Ex-ARM CEO joins board of new public body aimed at boosting digital economy

Warren East, the ex-CEO of ARM Holdings, has announced that he will be joining a new public body aimed at boosting innovation in the UK’s digital economy as a non-executive director.

East held his position as CEO at ARM for over a decade and announced his resignation from the British-based company earlier this year.

He will be joining the Connected Digital Economy Catapult (CDEC), a new organisation that has been established by the Technology Strategy Board as a long-term investment that hopes to open up global opportunities for the UK.

It is being funded by both the public and private sectors, with some £1 billion worth of investment expected ‘over the coming years’.

“It is a pleasure to join CDEC and work with the team there on helping Britain's Digital innovators realise their amazing potential in shifting from creative excellence to global leadership,” said East.

The Technology Strategy Board hopes that CDEC will be able to work with a range of partners to build platforms and capabilities that help innovators across the breadth of the UK digital economy. It will also develop programmes to make the digital economy and UK digital innovators more relevant to public sector and business leaders.

There has been an incredible push in recent years from the Coalition Government to establish a vibrant technology and digital start-up scene in the UK, with much of the attention focusing on Tech City in London's east end.

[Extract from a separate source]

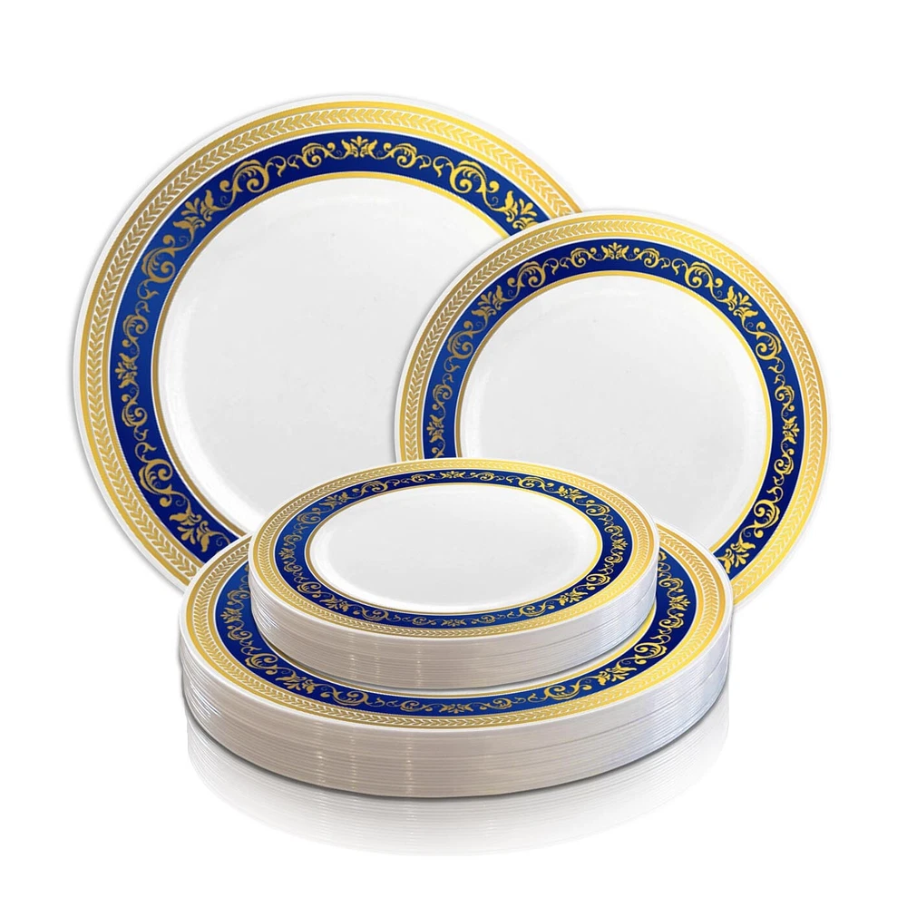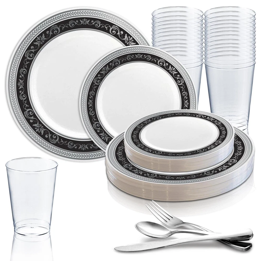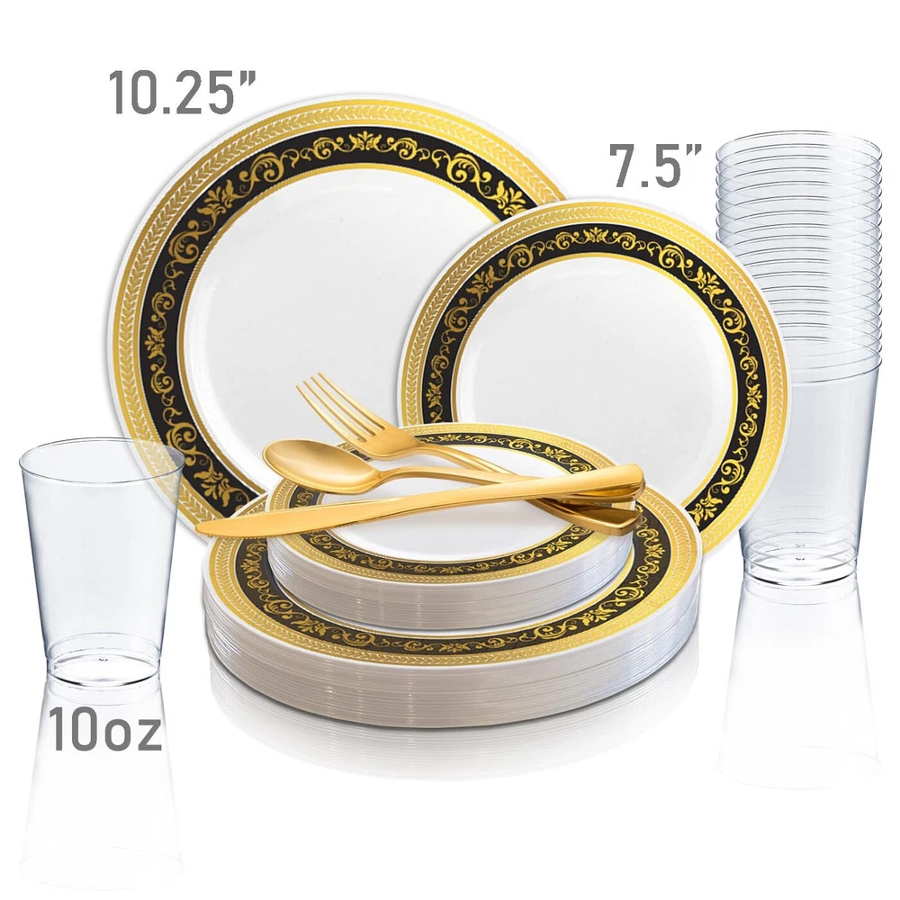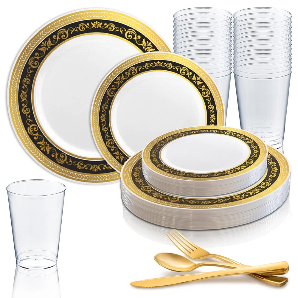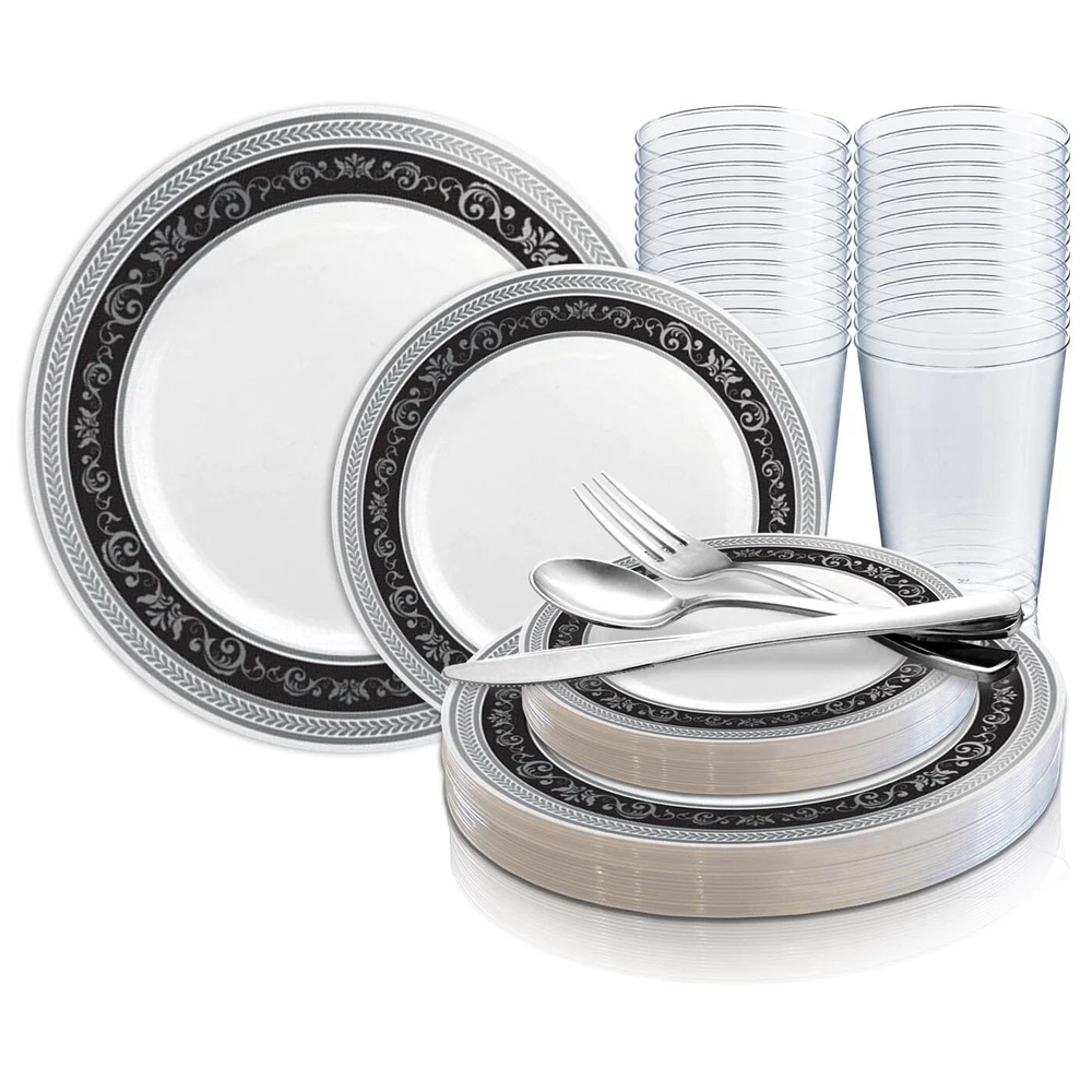 Disposable Plastic Dinnerware Set Wedding Party Package Elegant Royal Plates Item Details Smarty Had a Party The Elegant Smarty Had a Party Smarty Had a Party party package sets your table to perfection with its exquisite and classic elegant presentation. Smarty Had a Party party settings transform every meal into an occasion by ensuring all the convenience of plastic. Our products are uniquely designed and utilized by acclaimed chefs and party planners sparing the extra expenses of an event planner. They are designed for all occasions and events such as, Banquets, Weddings, Engagements, Birthdays, Parties, Baby Showers, Upscale Catering and Home Dinners. Smarty Had a Party Royal Round 10.25" Dinner Plates and 7.5" Salad/Dessert Plates. The rippled design offers a comfortable strong grip. The wide rim of these plates provide easy handling and prevents any unwanted accidental spills or stains. Smarty Had a Party Plastic Silverware. Our disposable high quality plastic gold/silver silverware are delicate in appearance but are heavy weight, durable and don't break easily. Smarty Had a Party Disposable Round Hard Plastic Cups. These cups are 10oz, Heavy Weight, Hard Durable Plastic, making them perfect for parties. HIGH-END & DURABLE . This premium dinnerware party package is uniquely designed and used by acclaimed chefs and party planners. The plastic plates, cups and cutlery included in this package are all made of high quality and durable heavy plastic. They are BPA-free and safe to use. DISPOSABLE & RECYCLABLE . No need to sacrifice elegance for budget and safety. With these disposable plastic plates, cups and flatware, you don't need to worry of rental fees, broken dishes or long hours of cleaning. This plastic dinnerware set is disposable making your parties safe and hassle-free. PERFECT SIZE & QUANTITY . Worry no more of running out of dinnerware, flatware and tumblers at your next party or upscale event. Smarty Had a Party offers you a perfect Dinnerware Party Package for 60 or even 120 Guests! This package includes 10.25" Dinner Plates, 7.5" Salad/Dessert Plates, Forks, Spoons, Knives and 10oz Round Tumblers. DESIGNED FOR ALL EVENTS & OCCASIONS . When it comes to any celebration, we want only the best for our guests. With this Deluxe Dinnerware Set, you can easily add a touch of elegance to any party. They're perfect for Banquets, Anniversaries, Weddings, Engagements, Birthdays, Baby Showers, Housewarming & Thanksgiving Parties. They are also ideal for Holiday Events, Corporate Gathering, Upscale Catering and Home Dinner. About the Seller Smarty Had a Party is a leading manufacturer designer, distributor and wholesaler of the highest quality plastic party supplies. Smarty Had a Party is a family owned business that takes enormous pride providing world class customer service. As an internationally renowned special event supplies company, Smarty Had a Party carries an extensive selection of top of the line plastic plates, dishes, bowls, cutlery, cups and glasses. Smarty Had a Party's philosophy is to maintain an eye towards future trends in the event planning industry. Payment We accept payment by any of the following methods: Immediate payment is preferred in all transactions. Shipping FREE Priority Shipping on all orders! Your order will be dispatched within 1 working day of receiving payment (Monday-Friday). In the very unlikely event that your item is lost/damaged during post, then WE are responsible and will issue either a full refund or replacement. Returns If you are not 100% satisfied with your purchase, you can return the product and get a full refund or exchange the product for another one, be it similar or not. You can return a product for up to 30 days from the date you purchased it. Any product you return must be in the same condition you received it and in the original packaging.

“Warren not only represents the very best of UKs digital economy leadership but also has first-hand experience of taking an innovation led business from start-up to global leader – exactly the journey we hope we can help many UK digital innovators make,” said Neil Crockett, Chief Executive of CDEC.

“I look forward to working with Warren in the coming months and to learning from his insight and success.”

In similar news, a competition has launched this week to bring the next £100 million company to London, with investors putting up £1 million for a start-up that has the potential deliver long term growth for the UK.